The vampire still didn't touch me, but his breath tickled the skin of my neck, sending goosebumps down my arms and legs. I felt myself wanting to curl toward him, to run my hands down that solid chest of his, but I knew that was his vampire magic, the allure, talking. I cleared my throat, pushing the glamour away.
"You and your wine?" he murmured. "You did say you were armed."
His eyes roved over my face. We were just inches away from one another. He glanced down at my chest, and I could see him watching me breathe—inhale, exhale—as if he was listening to every beat of my heart with rapt attention. And hell if it didn't intrigue me to see the way he was studying me like I was something precious.
In response, I raised my bottle of wine and took one more little swig, mostly just to give myself something to do. The vampire didn't move away. I gave my lips a little smack as I let the wine bottle drop to my side.
I was sure I smelled like red wine, and maybe a little bit like crayons and pretzels courtesy of Little Hank. I narrowed my gaze at him.
"Yes," I confirmed. "Me and my cabernet sidekick."
He didn't move, a gargoyle carved out of solid mercury—the moonlight splashing him with a wash of a majestic glow. Those eyes glinted, little flecks of stars pulling me deeper into his gaze. He smelled fresh, crisp, rich.
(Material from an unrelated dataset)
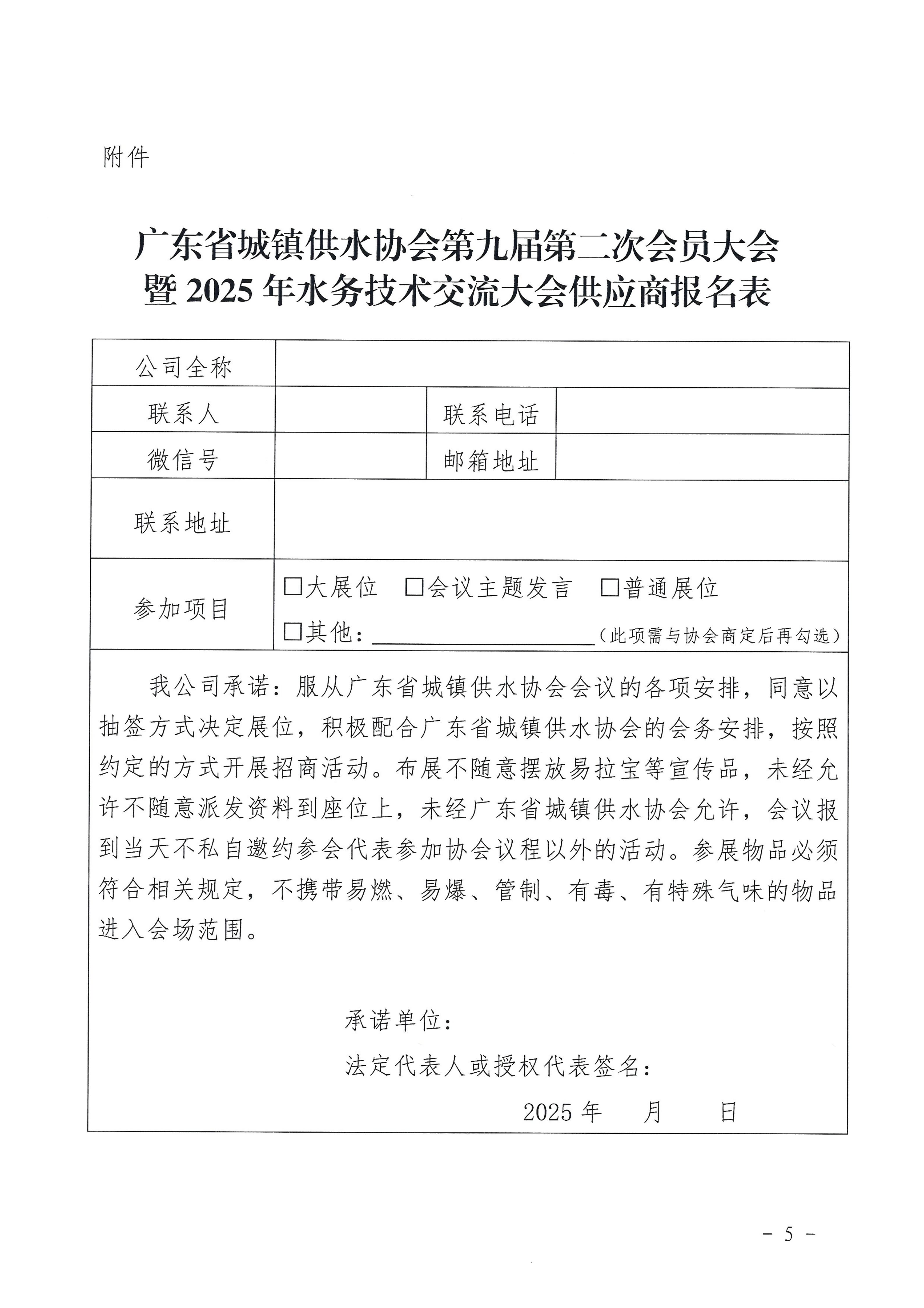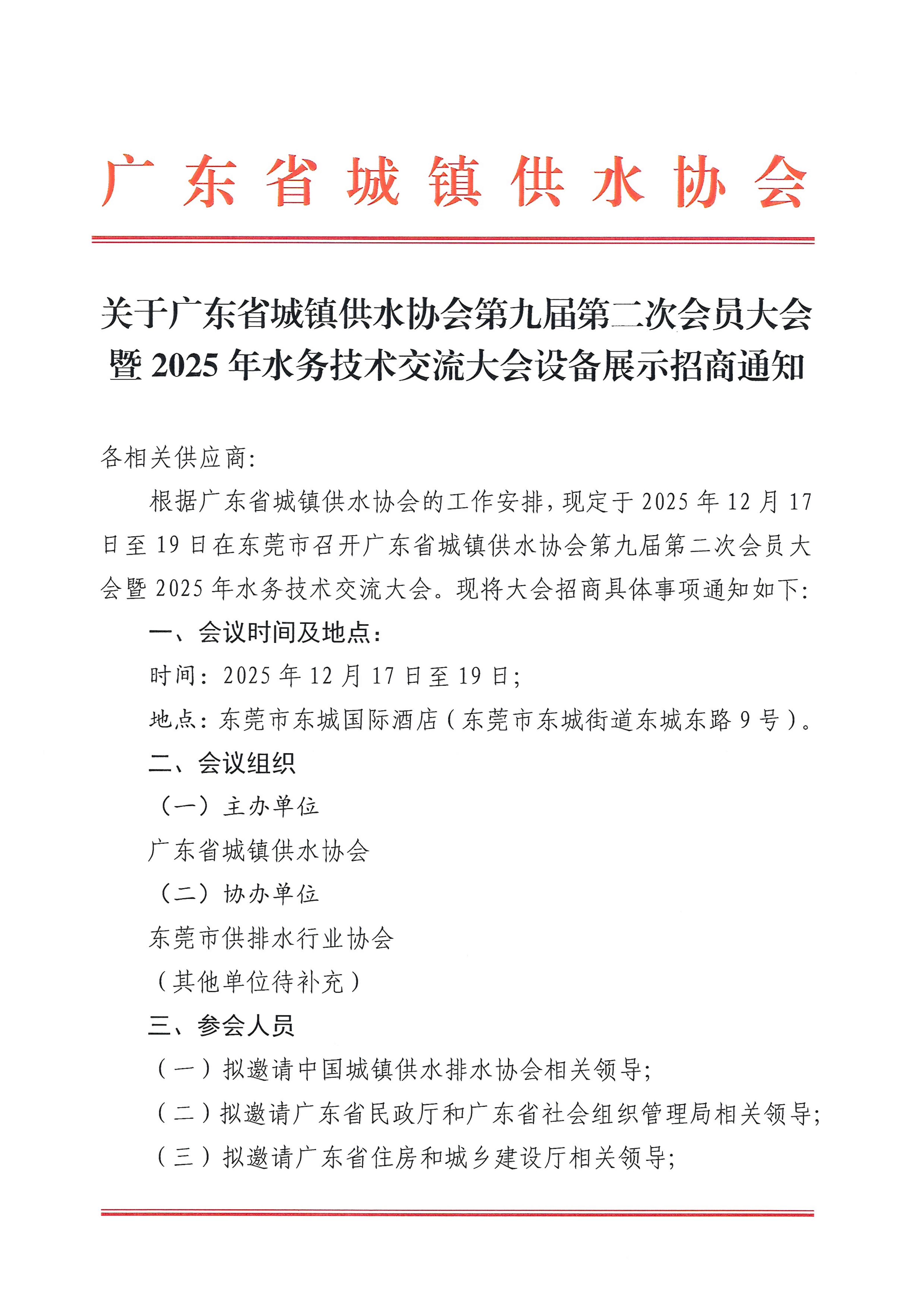 | 文件名称: | 关于广东省城镇供水协会第九届第二次会员大会暨2025年水务技术交流大会设备展示招商通知 | ||

Expensive cologne and fancy shampoo, but something woodsy and natural beneath it all. I inhaled, both to steady myself and to drink in his scent.
The vampire seemed to like that because he smiled.
"Have a good night, then." He stepped to the side, let me reach for the handle.
Expelling a shaky breath, I moved around him and yanked open the door to our high-rise. It was hard to believe we hadn't touched, not more than the whisper of his breath on my skin, an imaginary sensation I'd be dreaming about for weeks on end.
My heart raced as I stepped through the door, feeling like he'd gotten me all hot and bothered and then left me hanging out to dry. I glanced behind, looking to see if he was still watching me, to see if he was as affected by this moment as me.
But I was alone. As if I'd imagined the entire thing.